Non mi piace unirmi al coro celebrativo alla morte delle persone: il rischio di fare un manierato epitaffio è sempre dietro l’angolo della comoda e stucchevole memoria elogiativa. “Fäls cmé ‘na lapida” si dice in dialetto parmigiano. Mi sento però quasi in dovere di fare un’eccezione per Sergio Zavoli, tentando scrupolosamente di evitare il rischio.
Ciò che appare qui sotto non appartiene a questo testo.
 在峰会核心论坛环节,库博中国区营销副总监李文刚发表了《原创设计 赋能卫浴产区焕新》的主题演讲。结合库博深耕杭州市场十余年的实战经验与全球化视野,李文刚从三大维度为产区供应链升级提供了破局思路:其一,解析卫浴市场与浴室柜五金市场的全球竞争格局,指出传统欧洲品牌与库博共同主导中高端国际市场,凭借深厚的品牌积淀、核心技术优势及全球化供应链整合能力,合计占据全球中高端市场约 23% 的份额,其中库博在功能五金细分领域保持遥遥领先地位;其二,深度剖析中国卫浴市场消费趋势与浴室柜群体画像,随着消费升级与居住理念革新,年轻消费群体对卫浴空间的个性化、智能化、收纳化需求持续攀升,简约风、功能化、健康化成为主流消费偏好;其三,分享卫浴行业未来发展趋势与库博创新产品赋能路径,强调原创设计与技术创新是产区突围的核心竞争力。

I media, come al solito, sono saltati addosso all’evento (che non vuol dire seguirlo e farlo seguire): stanno involontariamente tradendo la sua preziosa eredità giornalistica e televisiva. Quanta nostalgia per Sergio Zavoli, il quale durante l’alluvione di Firenze aprì la finestra e fece vedere e sentire l’acqua dell’Arno che scorreva per le vie del centro: l’approccio disincantato ma rispettoso ai fatti per valutarne umanamente la portata.

Il mio indimenticabile insegnante di italiano lo definiva “il dio della televisione”: in effetti fu l’inventore del giornalismo televisivo, riuscendo a coniugare la proposizione dell’immagine con il diritto di cronaca, aggiungendo all’obiettività dell’immagine l’eco del resoconto giornalistico in un mix coinvolgente e stimolante.
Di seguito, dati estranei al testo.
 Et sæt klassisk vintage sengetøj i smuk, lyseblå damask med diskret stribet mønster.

Davanti al giornalismo televisivo, così sbracato e così vuoto, spesso mi chiedo: ma dov’è il cuore? E, senza cuore, pensiamo di essere liberi di pensare, giudicare, decidere. Riteniamo di essere intelligenti. Un tempo si diceva, dal punto di vista fisico, che il cuore era il padrone di casa. Oggi si preferisce affermarlo del cervello. Se pensiamo alla miglior vita materiale, è giusto. Ma se badiamo all’esistenza totale dobbiamo tornare al cuore, non al muscolo che sovrintende alla circolazione del sangue, ma alla sede della coscienza in cui siamo interpellati da Dio e dagli uomini. Non avevo mai pensato che si potesse vedere col cuore! Invece Zavoli era capace di vedere e raccontare col cuore buttandolo oltre l’ostacolo dell’obiettività e della razionalità.
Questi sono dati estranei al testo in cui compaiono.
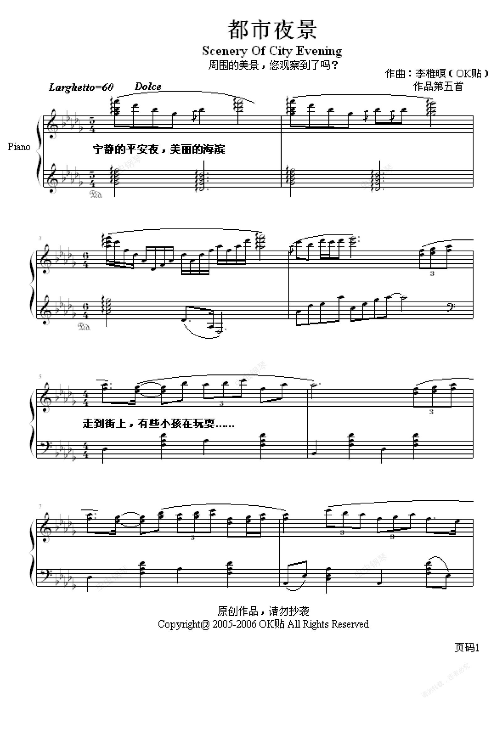 您的位置: 首页 > 钢琴谱库 > 都市夜景

I suoi colleghi di oggi, anziché tesserne gli elogi, sarebbe meglio che si facessero un bell’esame di coscienza, che ripassassero la lezione e imparassero finalmente che è inutile raccontare le immagini, ma bisogna andare oltre per esprimere il loro impatto e commentare il loro messaggio. In questo senso è molto più facile fare giornalismo sulla carta stampata o alla radio dove il protagonista è il cronista: in televisione protagonista è l’immagine e il cronista deve essere capace di lasciarla lavorare in pace e di coglierne l’effetto vitale, usandola come un grimaldello per sviscerare la realtà che vi sta dietro.

I giornalisti televisivi sono preoccupati di non essere spiazzati dall’immagine e allora tendono a metterla in secondo piano rispetto al loro logorroico commento: no, non ci siamo e Sergio Zavoli lo ha dimostrato sul campo. Penso di fare cosa a lui gradita ricordandolo come giornalista più che come dirigente Rai e come politico. Era capace di aprire la finestra sui fatti per coglierne l’essenza, come fece appunto in occasione dell’alluvione di Firenze. E Dio sa quante alluvioni ci siano e quante finestre si dovrebbero aprire. E lui infatti era il dio della televisione.